Understanding domain walls as a model disordered elastic system
Domain walls provide a useful model system for the static and dynamic behavior of an elastic interface in a disordered medium. In such systems, the equilibrium static configuration is governed by the competition between elasticity, which tends to flatten the interface to minimize the energy costs, and disorder, which promotes wandering among pinning sites in the randomly varying potential energy landscape, leading to a characteristic roughness configuration. When driven by an external force, such an interface presents a complex dynamic response, with a thermally-activated, non-linear creep motion for subcritical forces, followed by a transition towards depinning, and finally linear flow at high driving forces. This statistical physics approach provides a general framework in which the behavior of systems as diverse as propagating fractures, wetting lines, burning fronts or surface growth can be described.

Ferroelectric domain walls as pinned elastic interfaces: (a) Progressive domain growth at the edge of a metallic electrode patterned on a thin ferroelectric film film.
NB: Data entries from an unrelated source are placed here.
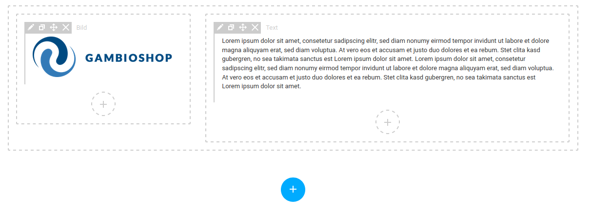 Unterhalb der angezeigten Sektionen kann über einen Klick auf das in der Abbildung hervorgehobene Plus-Zeichen eine weitere Sektion hinzugefügt werden. Innerhalb der Spalten wird mit einem Klick auf das entsprechende Plus der Widget-Bereich des StyleEdits aufgerufen.
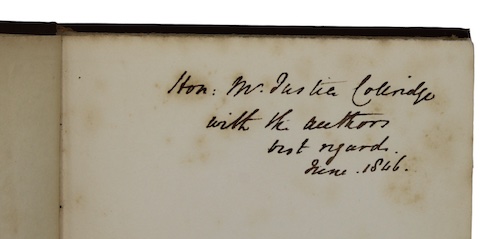 This copy inscribed to John Taylor Coleridge (1790-1876), judge, sometime editor of the Quarterly Review, nephew of the Romantic poet, Samuel Taylor Coleridge.
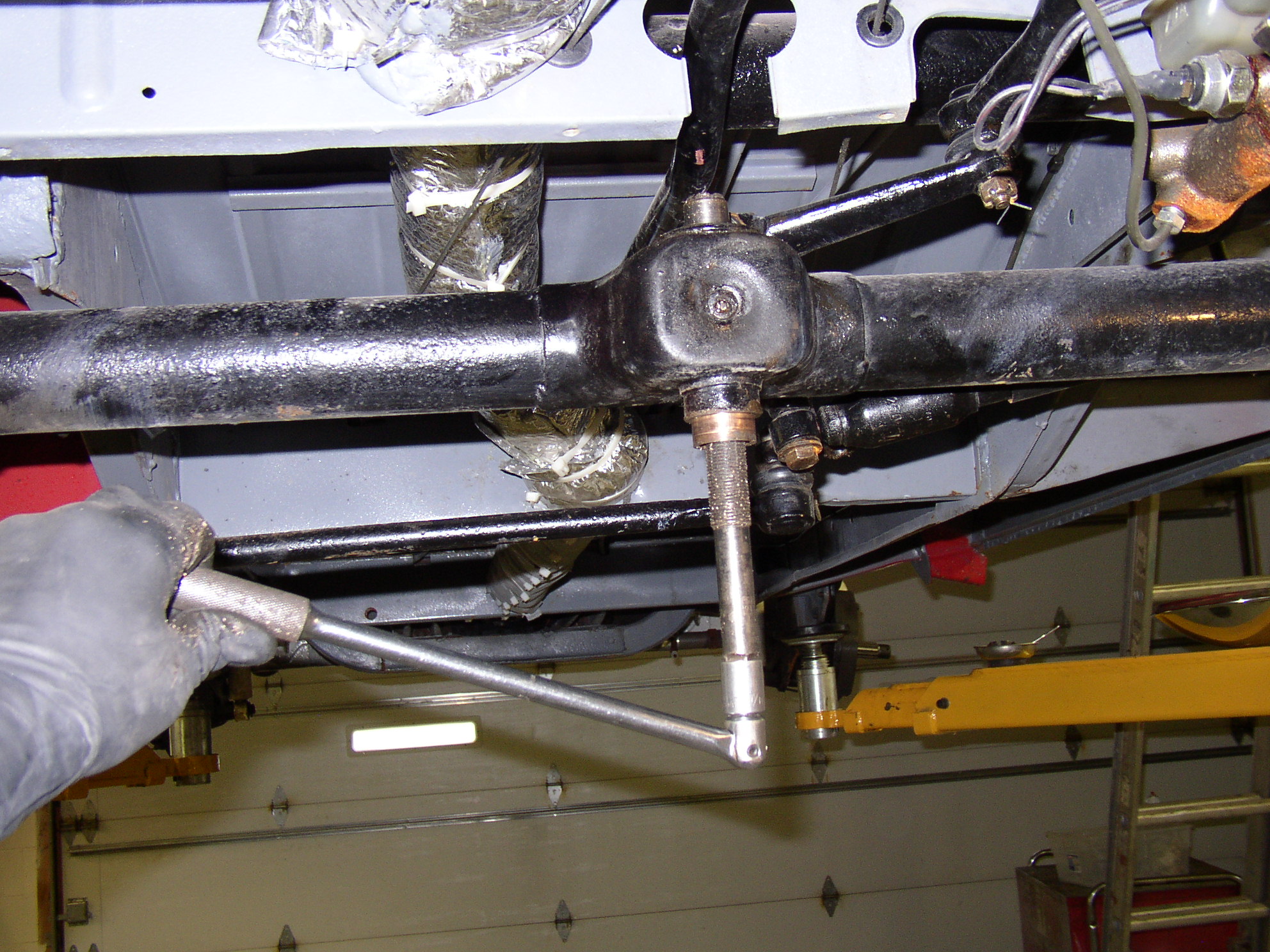I "cheated" when I did the resto- the front end checked out as tight, so I cleaned it, painted it and figured I'd address any problems later. Well, later is here, and 3k miles proved the center pin to have a slight bit of slop in it along with one slightly sloppy tie rod end. Well, it's time to do the center pin. The Samba gang has a huge thread on this so I'll just post the details.
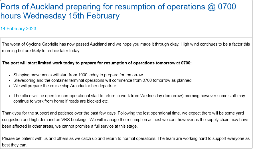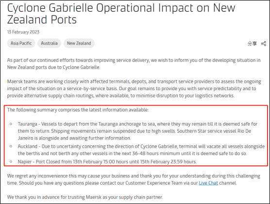2月13日,馬士基發布通知稱,他的團隊正在與新西蘭受影響的碼頭、倉庫和運輸服務提供商密切合作,以評估逐項服務的持續影響。在可行的情況下提供替代供應鏈路線,以最大限度地減少物流網絡的干擾。
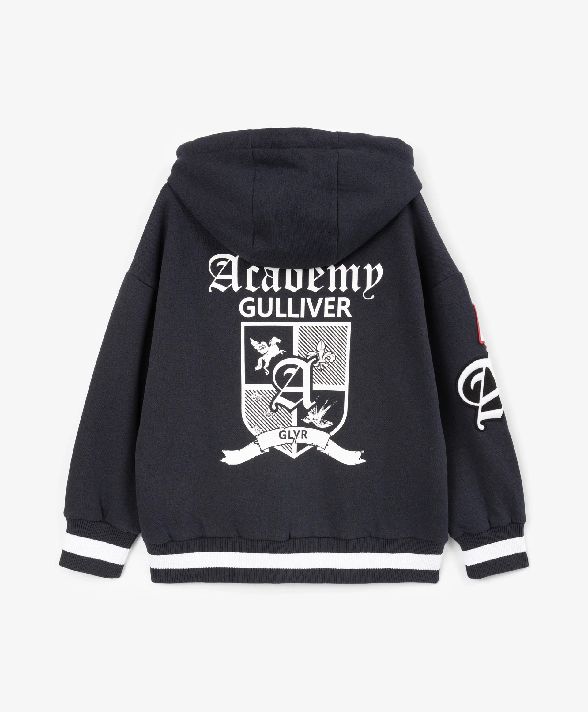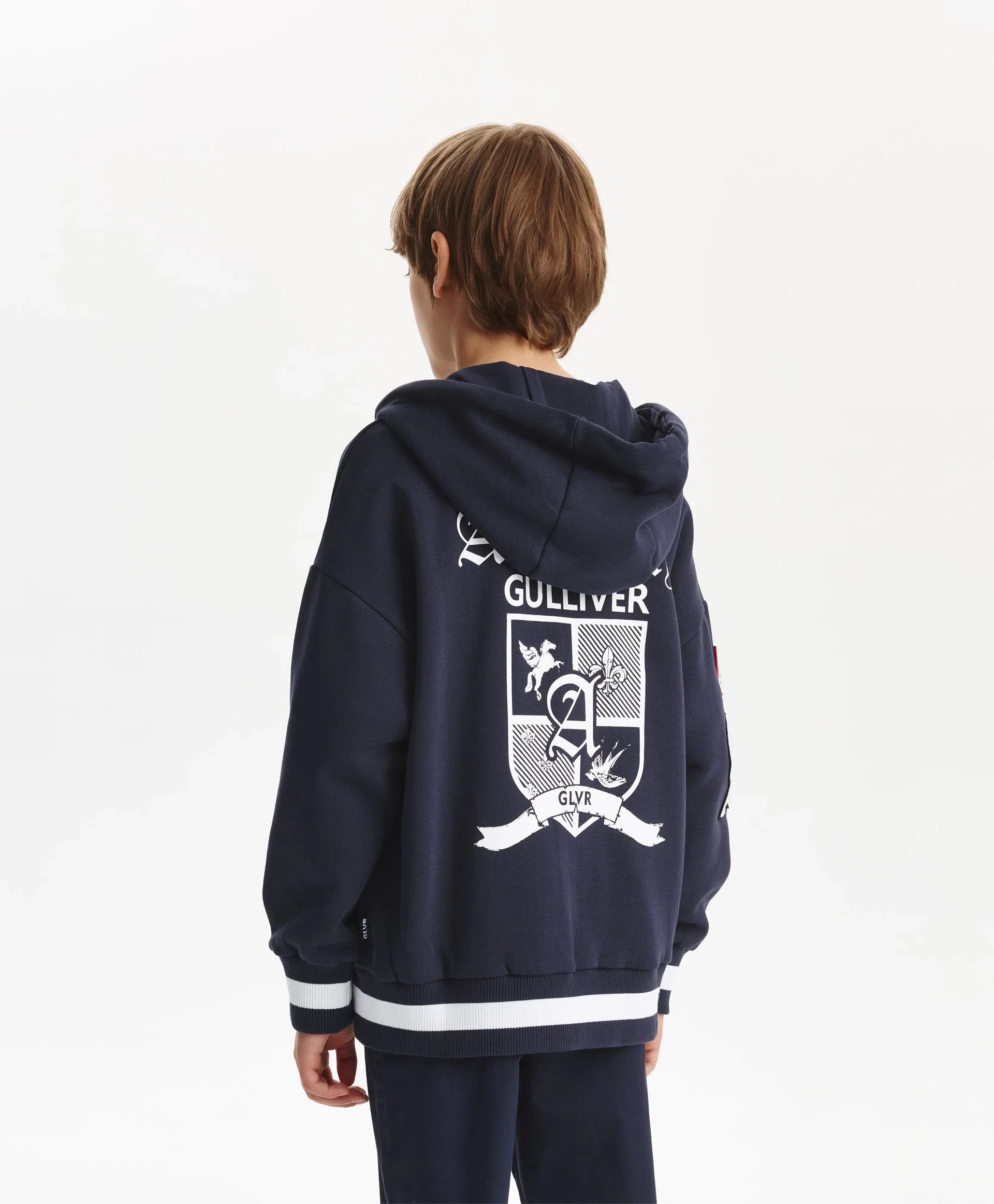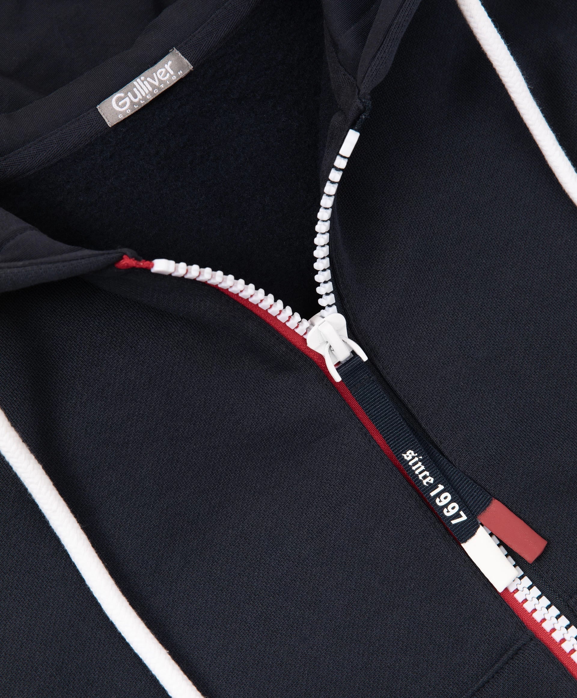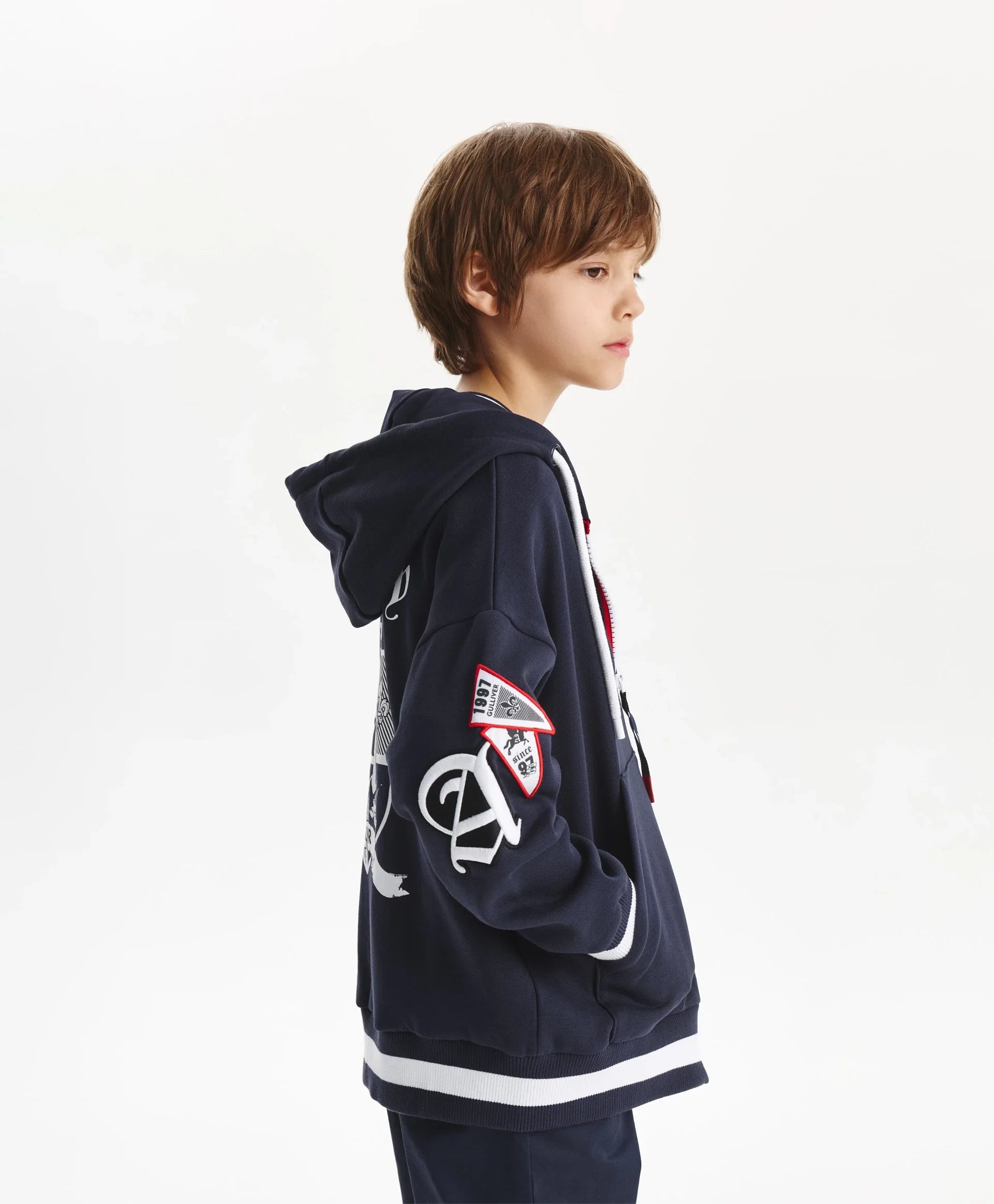 Разкопчаващото се суитшърт яке-бомбер с качулка от футер с мека вътрешна страна е модерен и удобен елемент на есенно-зимната визия, изграден върху белезите на спортния стил! Големи принтове с хералдически мотиви, шрифтови графики, кенгуру джоб, контрастни връзки с ляти накрайници, рипсени кантове по долния край и ръкавите отразяват вайба на колекцията Gulliver „Колеж“. Закопчава се с тракторен цип върху двуцветна лента с акцентен плъзгач.

Schematic representation of (b) the complex dynamic response (c) self-affine roughness scaling in such systems.
Although the equilibrium behavior of such interfaces is well understood, relatively little is known about out-of-equilibrium phenomena, such as ageing and thermal effects, or the role of a potentially complex internal structure. Studying the thermal evolution of the domain walls, we have shown a long term system memory of the initial configuration, governed by the disorder landscape. We have also demonstrated the individual strong pinning sites lead to a breakdown of the simple mono-affine roughness scaling of the domain wall configuration. At present, we are exploring environmental effects on the switching and growth of ferroelectric domains under a scanned probe microscopy tip.

In the presence of strong local variations of disorder, monoaffine roughness scaling breaks down, leading to locally higher displacements and roughness. Left: PFM image showing two ferroelectric domain walls. Right: local slopes along the walls.